Study of a three-dimensional biofilm-electrode reactor (3D-BER) that combined heterotrophic and autotrophic denitrification (HAD) to remove nitrate from water

Xiangyu Lin; Haoran Yin; Lixin Wang; Yini Chen; Fan Zhao; Yu Pu; Xinhua Tang

doi:10.1039/d3ra01403g

Study of a three-dimensional biofilm-electrode reactor (3D-BER) that combined heterotrophic and autotrophic denitrification (HAD) to remove nitrate from water

RSC Adv. 2023 May 15;13(21):14675-14684. doi: 10.1039/d3ra01403g. eCollection 2023 May 9.

Authors

Xiangyu Lin¹, Haoran Yin¹, Lixin Wang², Yini Chen¹, Fan Zhao¹, Yu Pu¹, Xinhua Tang¹

Affiliations

¹ School of Civil Engineering and Architecture, Wuhan University of Technology Wuhan 430070 China tangxinhua@whut.edu.cn.
² College of Engineering, Pennsylvania State University 201 Old Main, University Park PA 16802-15 USA.

Abstract

A three-dimensional biofilm-electrode reactor (3D-BER) that combined heterotrophic and autotrophic denitrification (HAD) was developed to remove nitrate.

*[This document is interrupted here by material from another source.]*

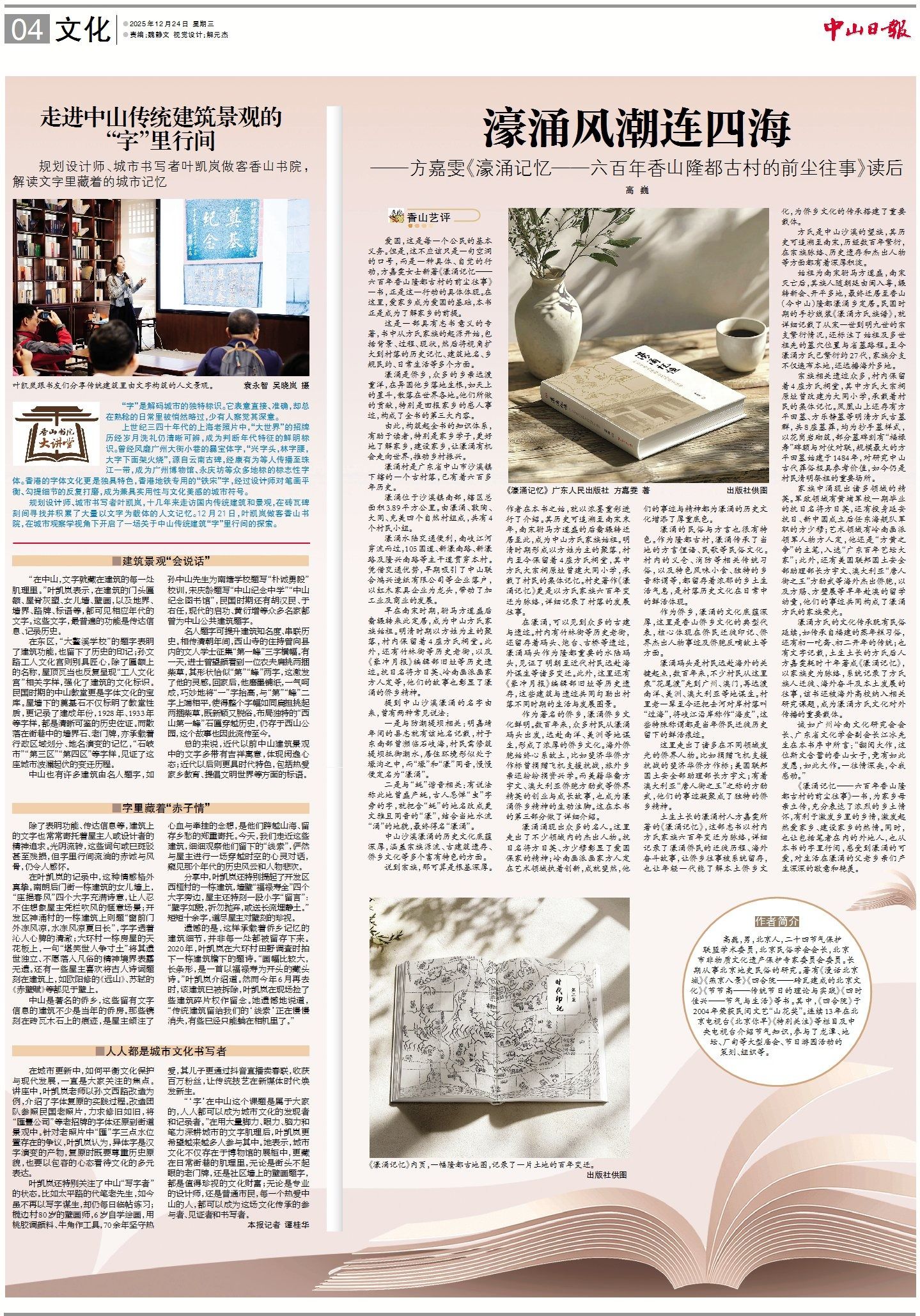 土生土长的濠涌村人方嘉雯所著的《濠涌记忆》,这部志书以村内方氏家族六百年变迁为脉络,详细记录了濠涌侨民的迁徙历程、海外奋斗故事,让侨乡往事被系统留存,也让年轻一代能了解本土侨乡文化,为侨乡文化的传承搭建了重要载体。

The denitrification performance of the 3D-BER was evaluated under different experimental conditions, including current intensities (0-80 mA), COD/N ratios (0.5-5), and hydraulic retention times (2-12 h). The results showed that excessive current limited the nitrate removal efficiency. However, a longer hydraulic retention time was not required to achieve a better denitrification effect in the 3D-BER. Moreover, the nitrate could be effectively reduced over a broad range of COD/Ns (1-2.5), and its removal rate peaked at 89% at I = 40 mA, HRT = 8 h, and COD/N = 2. Although the current reduced the diversity of microorganisms in the system, it promoted the growth of dominant species. Nitrification microorganisms were enriched in the reactor, especially Thauera and Hydrogenophaga, which were crucial to the denitrification process. Thus, the combination of autotrophic denitrification and heterotrophic denitrification was promoted by the 3D-BER system to increase the efficiency of nitrogen removal.